И уж кого-кого, а ее не нужно было учить, что делать с истероидом.
Двигать ее сейчас — санитарам спину рвать. Ее и втроем от стула не оторвешь. А вот если оставить на несколько минут в тишине и одиночестве. Без, так сказать, аудитории.
То и фикус засохнет. И накатившее отступит.
И тогда пациентка спокойно и благостно дойдет до палаты своими ногами. А может, и, даже скорее всего, еще и успеет рассказать по дороге сестре все то, чем битых сорок минут мучила доктора.
[1] Пешка.
[2] Индуцирование — "наведение", "влияние". Под этим термином понимают возбуждение в объекте какого-либо свойства или активности в присутствии возбуждающего субъекта (индуктора), но без непосредственного контакта.
Впрочем, «фикус» этот быстро забылся — Ольгу Артуровну поглотили пятничные заботы.
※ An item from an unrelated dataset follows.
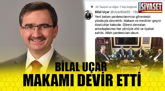 Adalet Bakan Yardımcılığı görevi yeni hükümetin kurulması ile birlikte sona eren Denizli eski milletvekili Bilal Uçar, makamı yeni sahibine devir ederek veda etti. Sosyal paylaşım sitesinden veda mesajı yayımlayan Bilal Uçar, “Adalet Bakan Yardımcılığı görevim yeni hükümetin kurulması ile birlikte sona erdi. Bu görevi bana layık gören sayın cumhurbaşkanımıza ve bakanlarımıza teşekkür ediyorum. Yeni sistemde görev alan bakan yardımcılarımıza da başarılar diliyorum. Yeni bakan yardımcılarımıza görevimizi yüzakıyla devrettik. Makam ve mevkiler geçici dostluklar kalıcıdır. Görevi devralan arkadaşlarımız her yönüyle ehil ve liyakat sahibi. Allah yardımcıları olsun” dedi.

Ведь, в конечном счете, за все, что творилось в женском остром, отвечала она — заведующая.
Ольга Артуровна вела и своих пациентов, и дважды в неделю делала обстоятельный обход, осматривая вообще всех. Проверяла истории, назначения, вносила коррективы.
Каждое утро проходила пятиминутка-планерка. А потом ее ждал амбулаторный прием. И, кроме всего этого, заведующую вечно разрывали финансовые проблемы — закупки, отчеты, расчёты, конфликты. Платные пациенты, которые шли отдельной статьей и вечной головной болью. И нескончаемый поток жалобщиков.
Их пациенты вообще любили жаловаться: на сестер, на врачей, на других пациентов. Плохие сны, нехорошие взгляды, дурные мысли и заговоры масонов.